Description of the task: Output the lines of the records below exactly, beginning at their first line and ending at the line with "Tokenin nouseva Balance"; include no pictures.

++++++

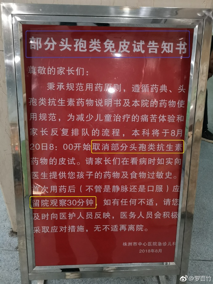 @罗百竹:健康群里宝妈发来一张株洲中心医院急诊儿科的《部分头孢类免皮试告知书》,这个医院取消了部分头孢类抗生素的皮试,但是要求家长如实提供孩子的药物和食物过敏史以及严格要求用药后留院观察30分钟。要为这个医院点赞!@翟医师 和 @医生魏玮 以前都提醒过:头孢菌素针剂做皮试也是胡闹,皮试对过敏性休克的识别毫无意义,国外主流都不做头孢皮试,国内药典也没有皮试规定。(2018-11-14)
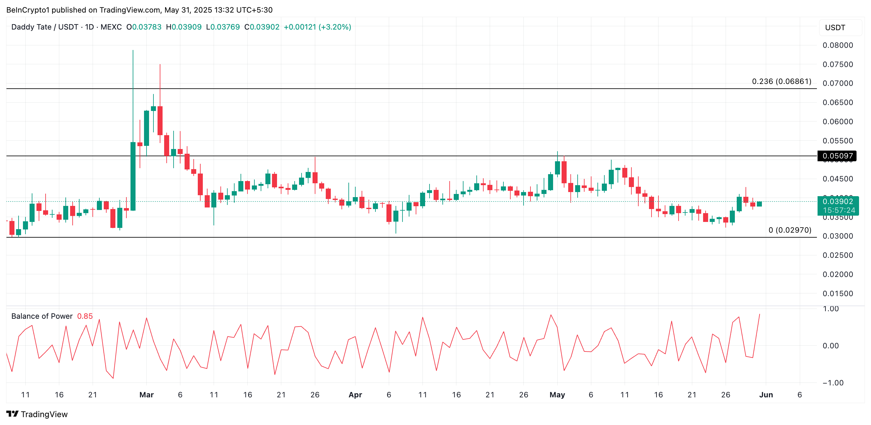 Tokenin nouseva Balance of Power (BoP) osoittaa ostopaineen tasaista nousua DADDY-kauppiaiden keskuudessa. Tätä kirjoitettaessa tämä tunnelmaindikaattori on 0,85.
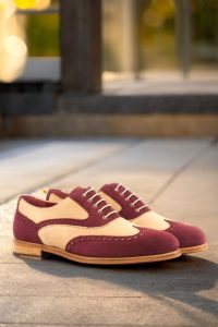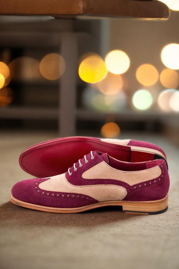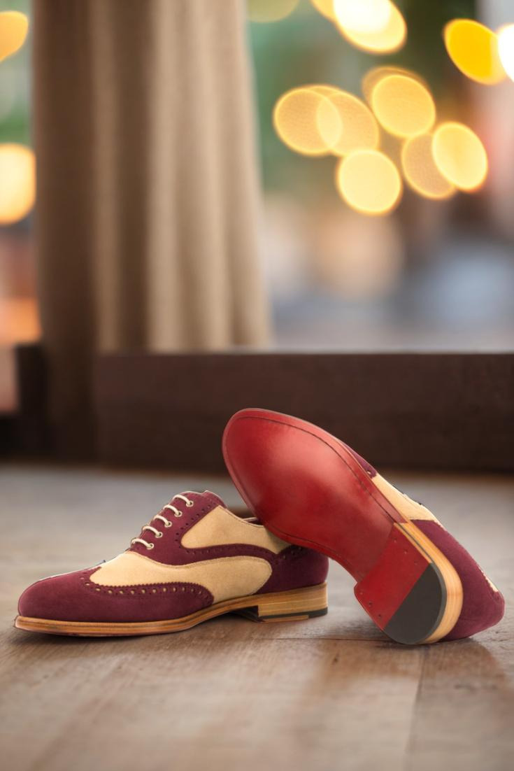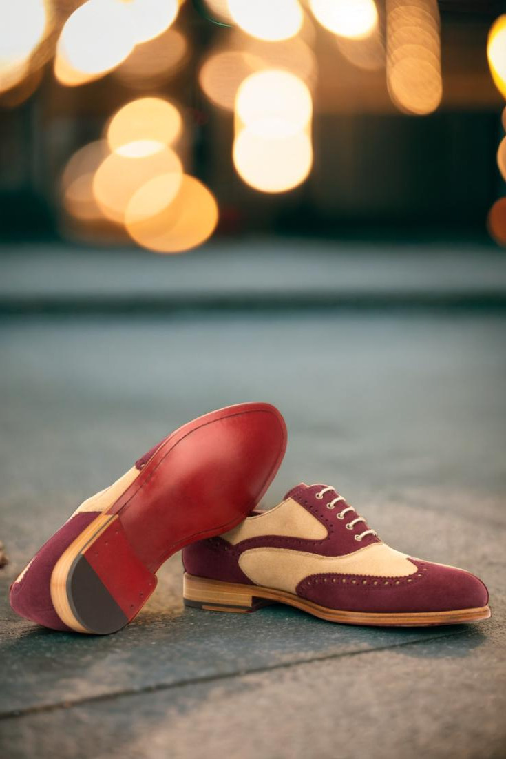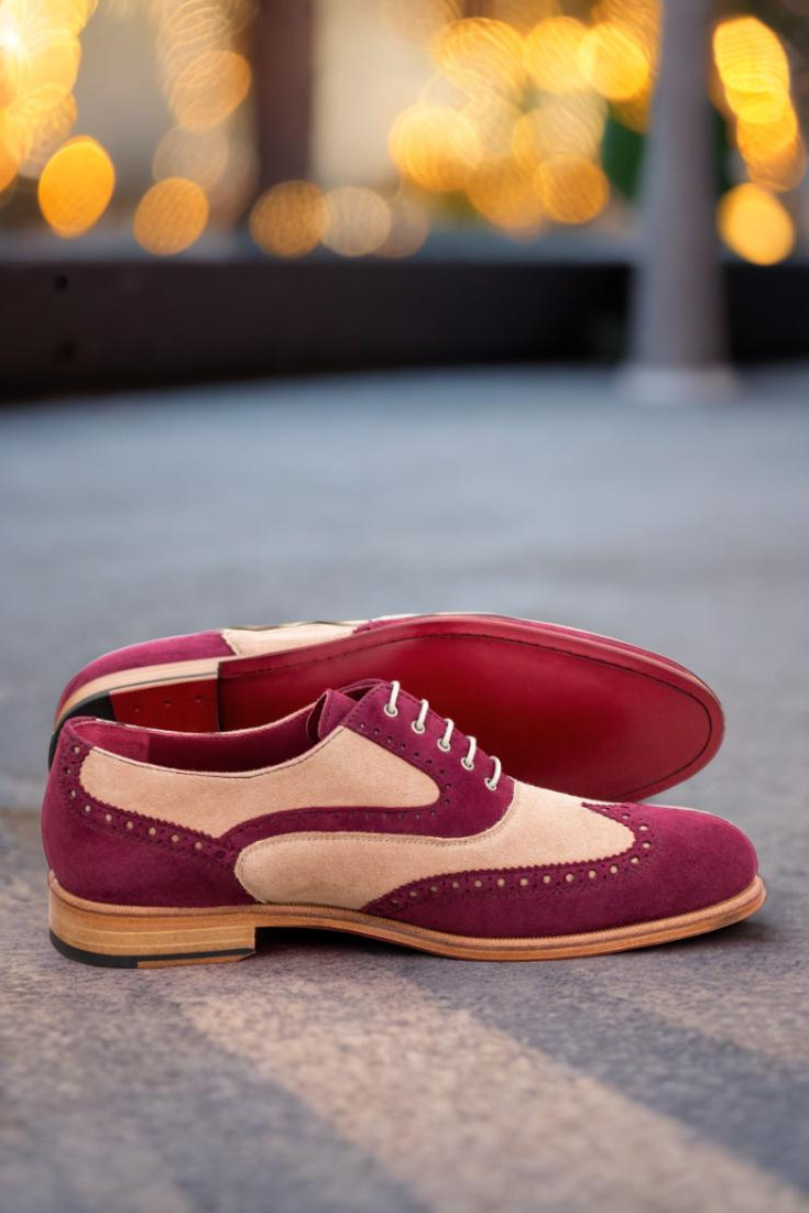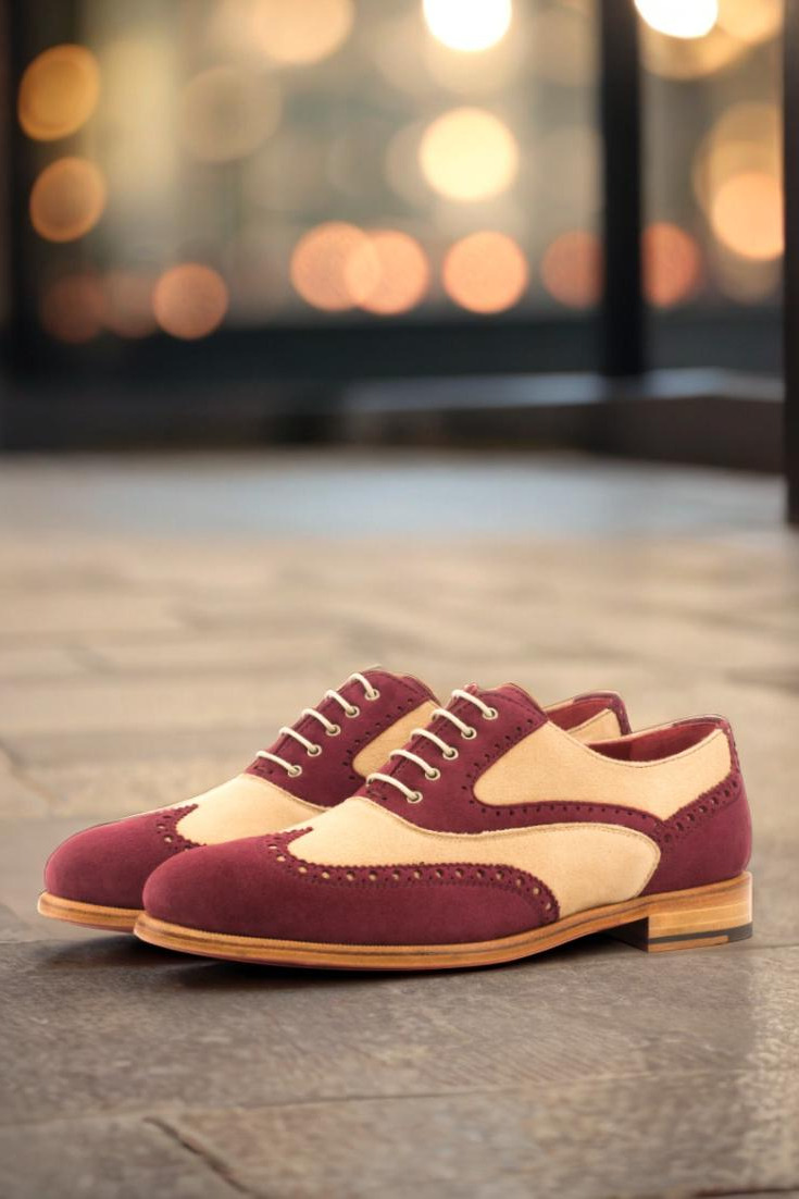 The uppers of this shoe are crafted from the finest wine and taupe kid suede, giving it a soft and supple feel while exuding a sense of refinement. The laces in a matching taupe color add a touch of contrast and complete the overall look.
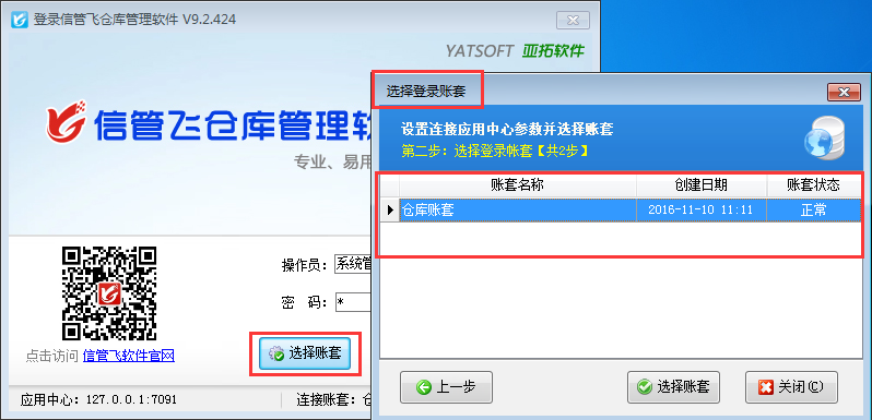 信管飛RMS、信管飛倉庫管理軟件、信管飛送貨單軟件、信管飛出納記賬軟件、信管飛票據打印軟件等軟件都含有賬套管理功能,在應用中心內支持建立多個賬套,已使用的帳套如果不再繼續使用,可以停用帳套,停用帳套后,客戶端程序登錄時將無法再連接該帳套。本文我們以信管飛倉庫管理軟件為例演示一下如何停用帳套。 應用中心(紅色圖標)程序運行后會在電腦桌面的右下角顯示,雙擊即可打開應用中心主界面,點擊“帳套管理”,如下圖所示,帳套列表一共有兩個帳套啟用,現在我們對第二個帳套“演示賬套0306”進行停用。選擇帳套后,點擊“修改”按鈕,系統彈出修
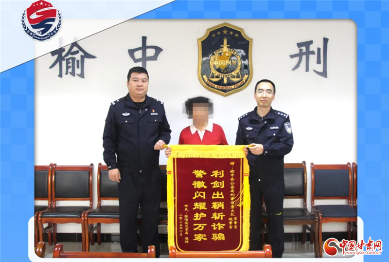 中國(guó)甘肅網(wǎng)11月3日訊(西北角·中國(guó)甘肅網(wǎng)記者 程?。┙?,蘭州市的張女士將一面印有“利劍出鞘斬詐騙 警徽閃耀護(hù)萬(wàn)家”的錦旗,送到了榆中縣公安局刑警大隊(duì)辦案民警手中。
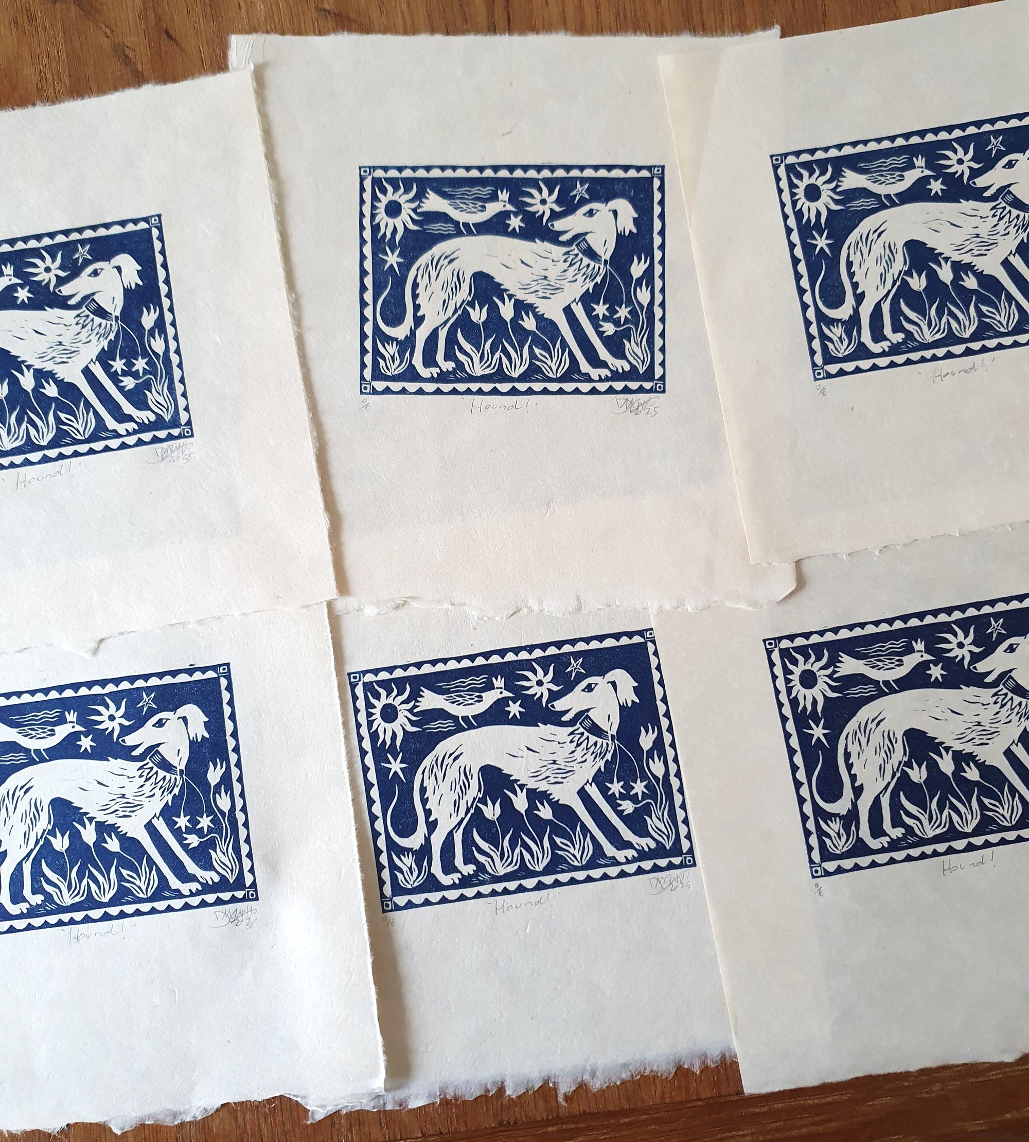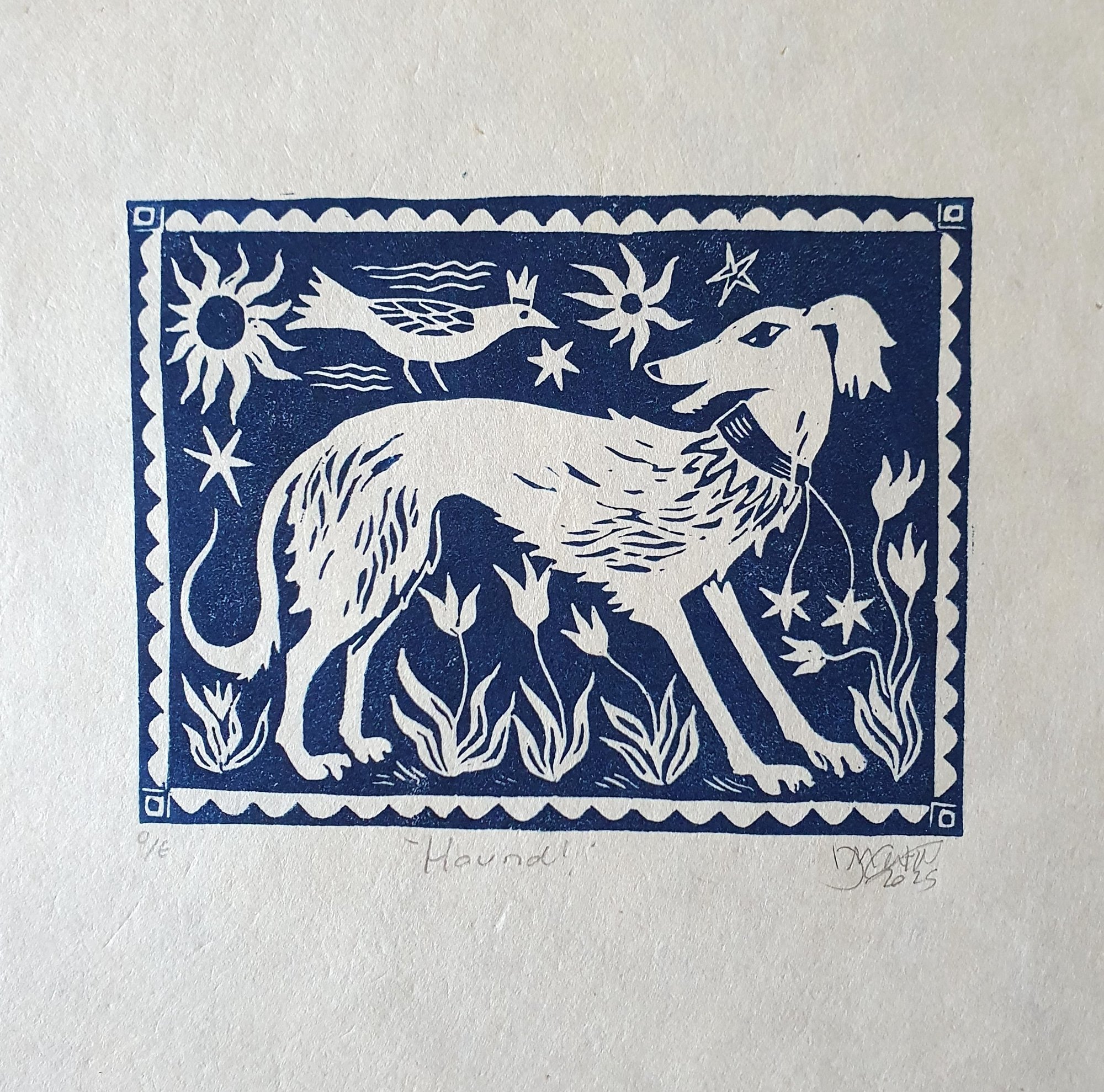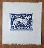 Original linocut print of a Little Hound. A composite of the large linocut 'Birds and Beasties' and now a little artwork in itself.
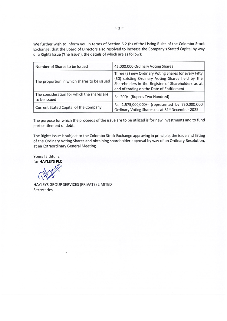 මේ අතර මීට සමගාමීව සමාගම විසින් රු. බිලියන 9ක ප්රාග්ධනයක් සම්පාදනය කර ගැනීම වෙනුවෙන් හිමිකම් නිකුතුවක් ද ප්රකාශයට පත් කර තිබේ. දැනට පවතින ඡන්ද බලය හිමි සෑම කොටස් 50කටම 3ක් බැගින් වන පරිදි මෙම හිමිකම් නිකුතුව සිදුකෙරෙන අතර එහිදී කොටස් මිලියන 45ක් අලුතෙන් නිකුත් කෙරෙනු ඇත. ඒ එක් කොටසක් රු. 200 බැගිනි.
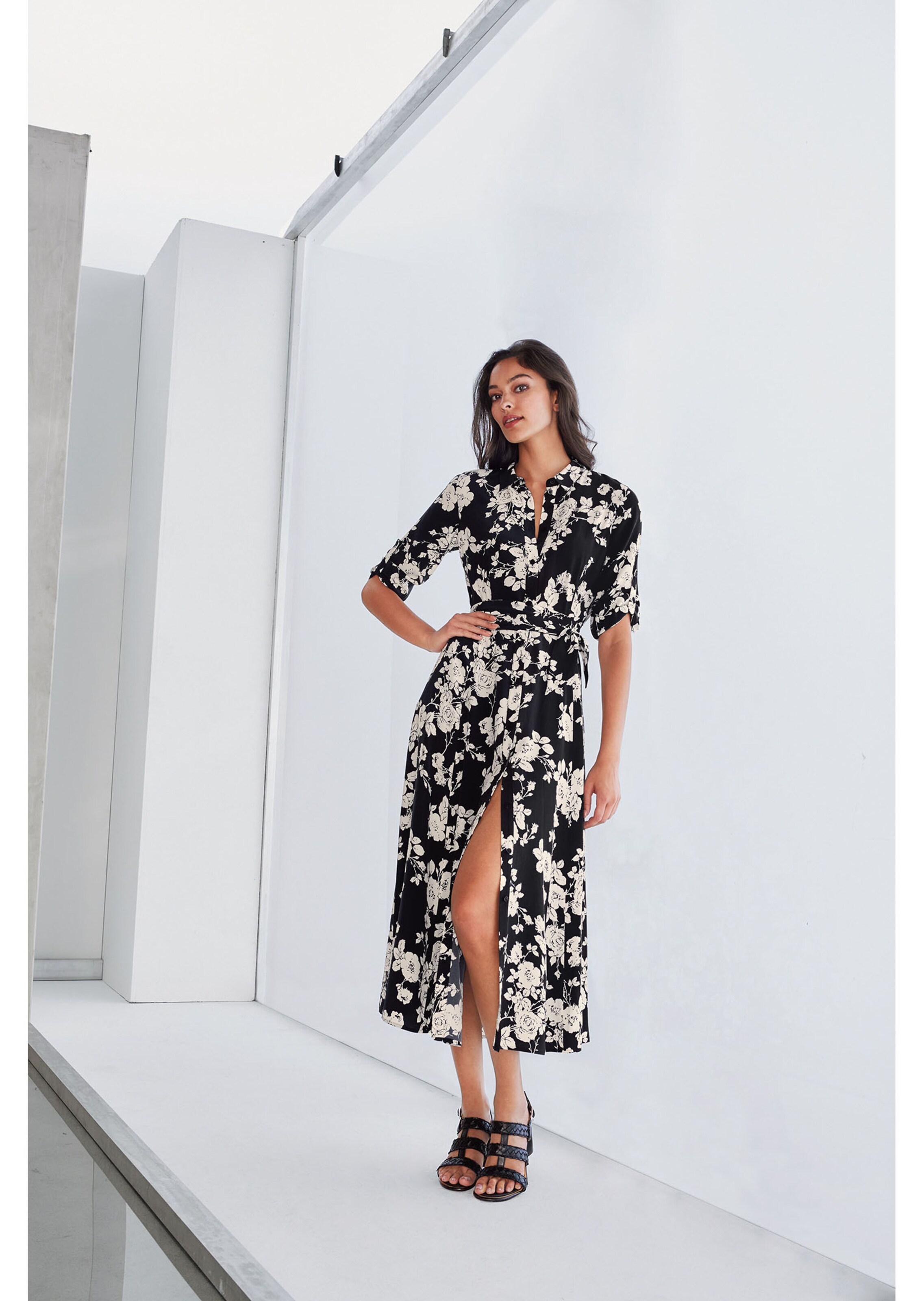 Chaque modèle est unique. Cintrée et entièrement boutonnée. Manches 3/4, ceinture à nouer et poches dans les coutures latérales.

++++++

Solution for this problem:
 @罗百竹:健康群里宝妈发来一张株洲中心医院急诊儿科的《部分头孢类免皮试告知书》,这个医院取消了部分头孢类抗生素的皮试,但是要求家长如实提供孩子的药物和食物过敏史以及严格要求用药后留院观察30分钟。要为这个医院点赞!@翟医师 和 @医生魏玮 以前都提醒过:头孢菌素针剂做皮试也是胡闹,皮试对过敏性休克的识别毫无意义,国外主流都不做头孢皮试,国内药典也没有皮试规定。(2018-11-14)
 Tokenin nouseva Balance of Power (BoP) osoittaa ostopaineen tasaista nousua DADDY-kauppiaiden keskuudessa. Tätä kirjoitettaessa tämä tunnelmaindikaattori on 0,85.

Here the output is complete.